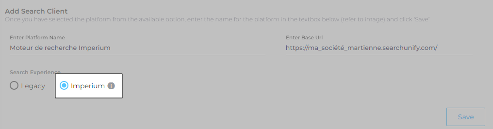 - Select a search client, enter the required details, and then choose Imperium in the Search Experience section.
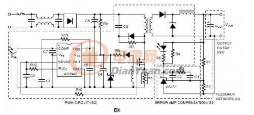 用經(jīng)典環(huán)路控制分析方法,開關(guān)調(diào)整器的控制環(huán)分為四個主要部分:輸出濾波器,PWM電路,誤差放大器補(bǔ)償和反饋。圖5用方塊圖舉例說明這四部分,圖6舉例說明一個開關(guān)電源電路圖。
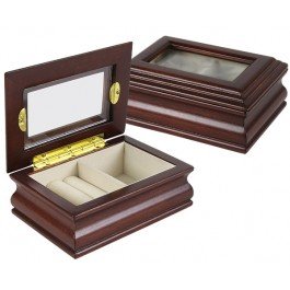 -. Feature : Mahogany finish / Small, compact size perfect for girls' rooms or auxiliary storage for you / Glass display window; Felt-lined compartments: ring rolls & open storage areas / Solid wood construction / Dimensions: 5"x3.5"x2"
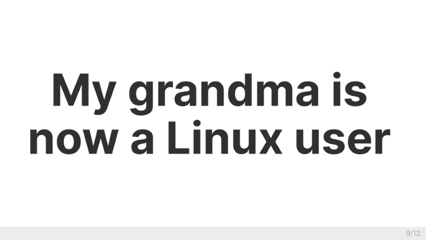 So to wrap this up, it turns out that my grandma did not meet a new computer, and if you’re wondering whether some of your less technical family members would be able to use Linux, just know that my grandma is doing fine. Thank you.
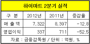 하이마트는 올 2분기에 매출(7천322억원)과 영업이익(337억원)이 전년동기 대비 각 12.8%, 52.5% 감소했다.
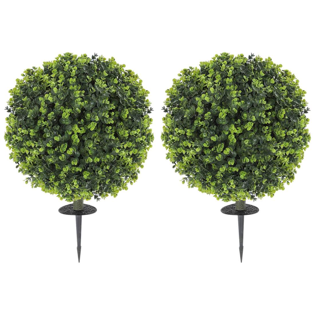 Set med 2 konstgjorda buxbombollar 40 cm konstgjorda växter med markspets, konstgjorda växter, plast som äkta dekoration för var
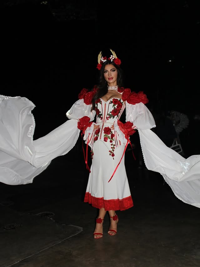 Мисс Молдова Мария Игнат в образе, вдохновлённом молдавской вышитой рубашкой «ie» с богатой красной вышивкой, символизирующей силу, защиту и наследие. Белая основа символизирует чистоту, а 3D-детали ручной работы подчёркивают мастерство, передаваемое из поколения в поколение. Драматичный плащ и красная корона придают современный, царственный оттенок, отдавая дань уважения традициям маленькой молдавской деревни. Этот образ — дань уважения Молдове, культуре, стойкости и вечной красоте ее родины.
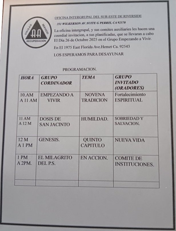 « All Events This event has passed. Oficina intergrupal Sureste Riverside Planificada 10/26/25 de 9:00am a 2:00pm October 26 @ 9:00 am - 2:00 pm VII CONGRESO REGIONAL DE AA OCTUBRE 31,1 Y 2 DE NOVIEMBRE DEL 2025 » Add to calendar Google Calendar iCalendar Outlook 365 Outlook Live Details Date: October 26 Time: 9:00 am - 2:00 pm
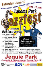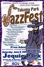 Posters and shirts for Takoma Park Jazzfest. Currently held every June in Old Town TP.
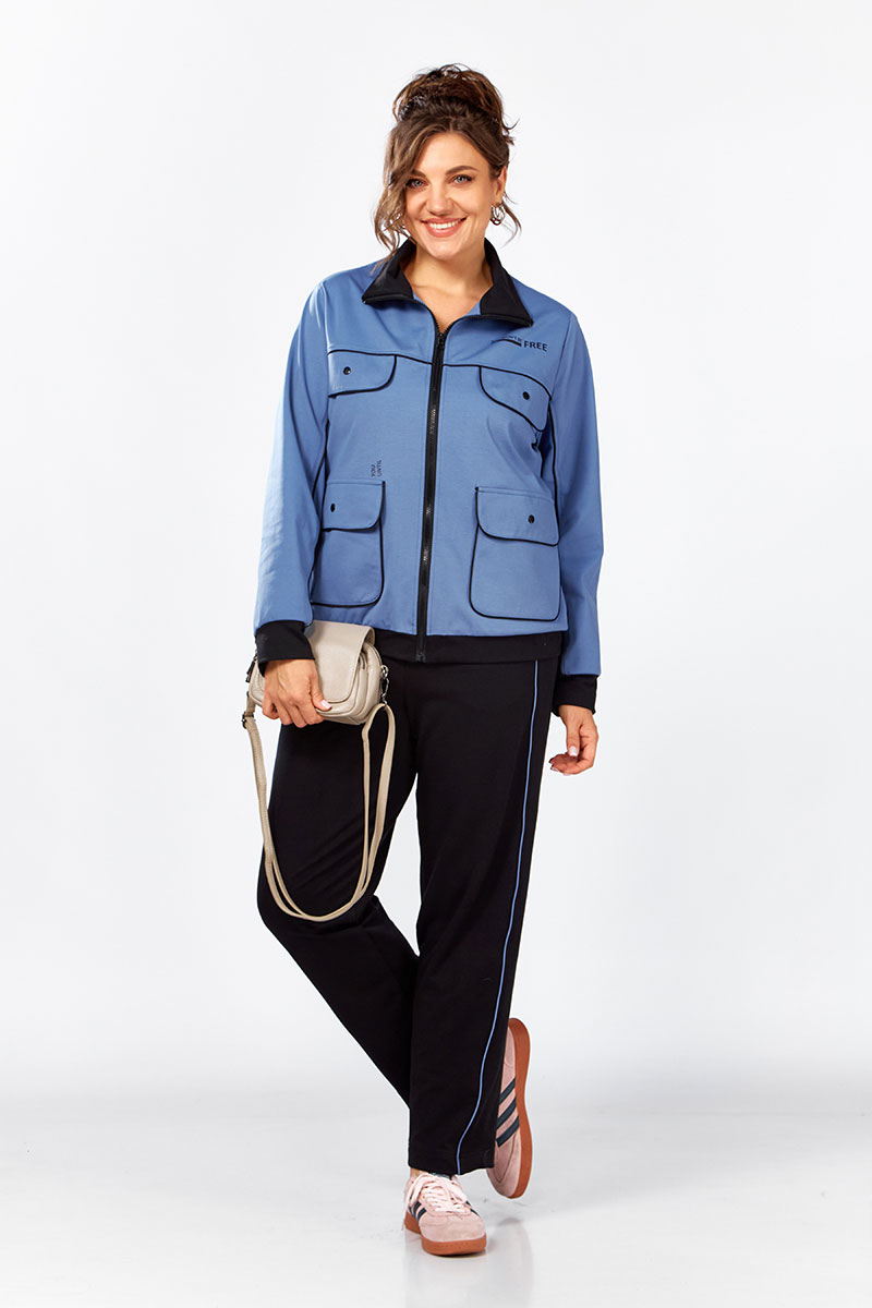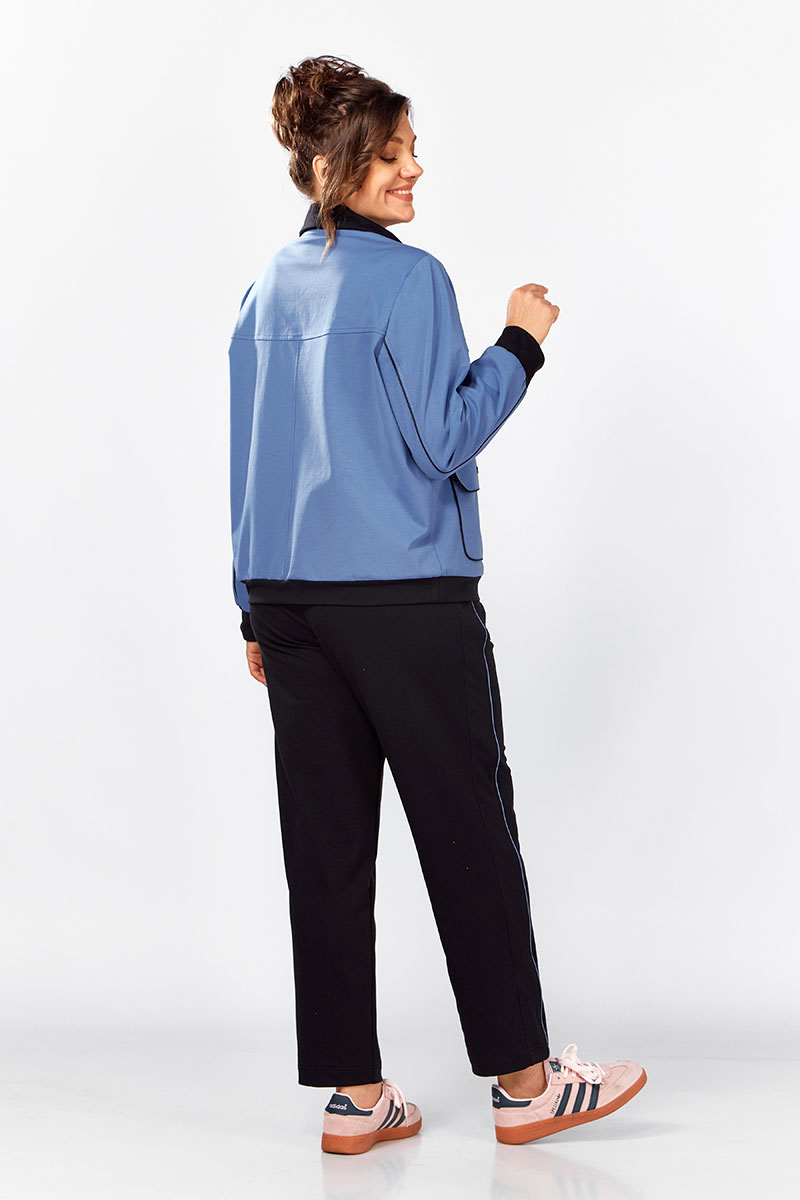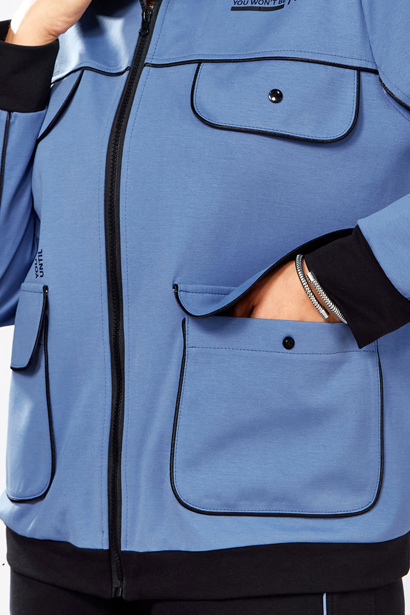 Джемпер свободного силуэта на молнии, воротник отложная стойка. Накладные карманы, клапаны, кокетка и рукава декорированы отделаны контрастным черным кантом, в цвет брюк.
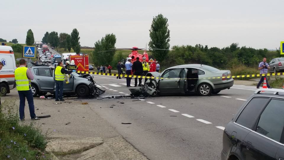 Din primele informatii, numarul ranitilor la acest moment se ridica la cinci. Una dintre victime este incarcerata, iar pentru scoaterea ei intervin pompierii cu echipajul de la descarcerare.
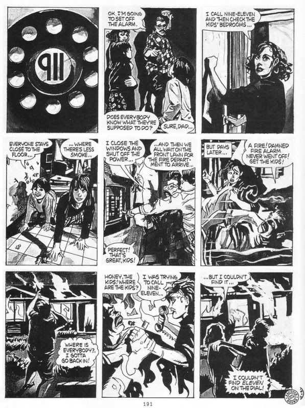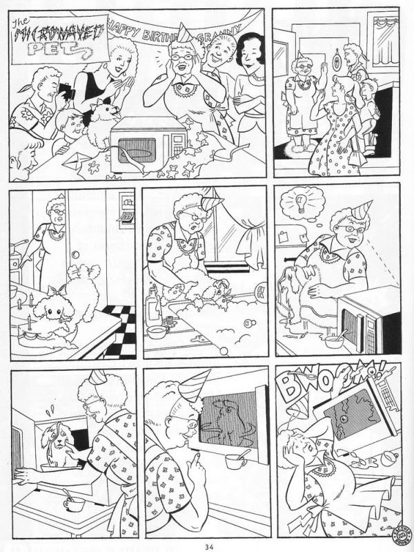 nemica@lj вспоминала о Чёрной Волге, ночном кошмаре польской детворы, но не единственно изделиями автопрома жив городской фольклор. Собственно, автор книги, профессор университета в Юте Ян Гарольд Бранвенд, как раз и известен своими изысканиями в области историй, передаваемых из уст в уста (Friend-Of-A-Friend stories) в современном обществе – все те страшилки, события, о которых ваши знакомые слышали от своих знакомых, а теперь рассказали вам, местные предания и так далее. Для «Энциклопедии..», изданной в 2001 году, Бранвенд собрал две сотни таких побасенок, которые были воплощены в виде комиксов. Ниже приведено несколько примеров:
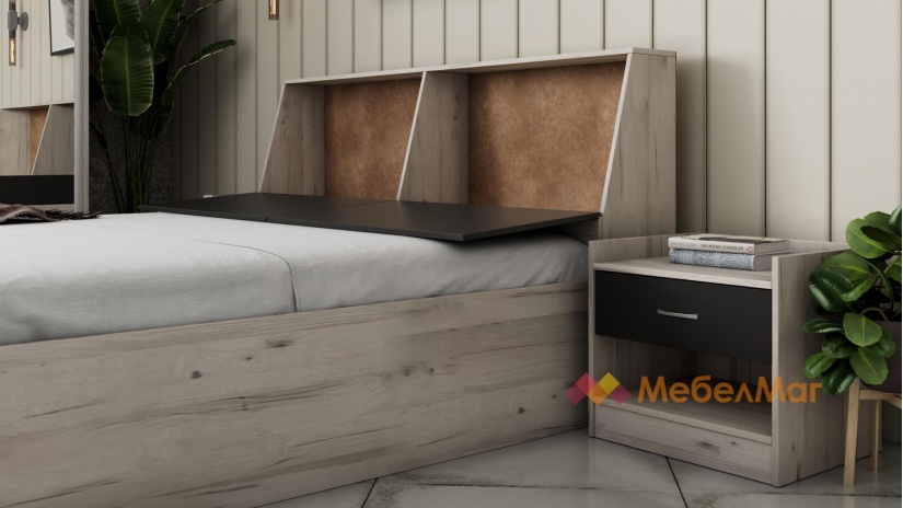 Разполагаш и с две нощни шкафчета с чекмедже и отворен рафт. На тях можеш да поставиш кокетна нощна лампа, любимата книга или ефектна декорация, за да създадеш още по-обаятелен интериор в спалнята.

**EXERCISE INSTRUCTIONS:** Each line above is to be duplicated exactly, and the pictures are to be omitted.

**THE ANSWER:**
 - Select a search client, enter the required details, and then choose Imperium in the Search Experience section.
 用經(jīng)典環(huán)路控制分析方法,開關(guān)調(diào)整器的控制環(huán)分為四個主要部分:輸出濾波器,PWM電路,誤差放大器補(bǔ)償和反饋。圖5用方塊圖舉例說明這四部分,圖6舉例說明一個開關(guān)電源電路圖。
 -. Feature : Mahogany finish / Small, compact size perfect for girls' rooms or auxiliary storage for you / Glass display window; Felt-lined compartments: ring rolls & open storage areas / Solid wood construction / Dimensions: 5"x3.5"x2"
 So to wrap this up, it turns out that my grandma did not meet a new computer, and if you’re wondering whether some of your less technical family members would be able to use Linux, just know that my grandma is doing fine. Thank you.
 하이마트는 올 2분기에 매출(7천322억원)과 영업이익(337억원)이 전년동기 대비 각 12.8%, 52.5% 감소했다.
 Set med 2 konstgjorda buxbombollar 40 cm konstgjorda växter med markspets, konstgjorda växter, plast som äkta dekoration för var
 Мисс Молдова Мария Игнат в образе, вдохновлённом молдавской вышитой рубашкой «ie» с богатой красной вышивкой, символизирующей силу, защиту и наследие. Белая основа символизирует чистоту, а 3D-детали ручной работы подчёркивают мастерство, передаваемое из поколения в поколение. Драматичный плащ и красная корона придают современный, царственный оттенок, отдавая дань уважения традициям маленькой молдавской деревни. Этот образ — дань уважения Молдове, культуре, стойкости и вечной красоте ее родины.
 « All Events This event has passed. Oficina intergrupal Sureste Riverside Planificada 10/26/25 de 9:00am a 2:00pm October 26 @ 9:00 am - 2:00 pm VII CONGRESO REGIONAL DE AA OCTUBRE 31,1 Y 2 DE NOVIEMBRE DEL 2025 » Add to calendar Google Calendar iCalendar Outlook 365 Outlook Live Details Date: October 26 Time: 9:00 am - 2:00 pm
 Posters and shirts for Takoma Park Jazzfest. Currently held every June in Old Town TP.
 Джемпер свободного силуэта на молнии, воротник отложная стойка. Накладные карманы, клапаны, кокетка и рукава декорированы отделаны контрастным черным кантом, в цвет брюк.
 Din primele informatii, numarul ranitilor la acest moment se ridica la cinci. Una dintre victime este incarcerata, iar pentru scoaterea ei intervin pompierii cu echipajul de la descarcerare.
 nemica@lj вспоминала о Чёрной Волге, ночном кошмаре польской детворы, но не единственно изделиями автопрома жив городской фольклор. Собственно, автор книги, профессор университета в Юте Ян Гарольд Бранвенд, как раз и известен своими изысканиями в области историй, передаваемых из уст в уста (Friend-Of-A-Friend stories) в современном обществе – все те страшилки, события, о которых ваши знакомые слышали от своих знакомых, а теперь рассказали вам, местные предания и так далее. Для «Энциклопедии..», изданной в 2001 году, Бранвенд собрал две сотни таких побасенок, которые были воплощены в виде комиксов. Ниже приведено несколько примеров:
 Разполагаш и с две нощни шкафчета с чекмедже и отворен рафт. На тях можеш да поставиш кокетна нощна лампа, любимата книга или ефектна декорация, за да създадеш още по-обаятелен интериор в спалнята.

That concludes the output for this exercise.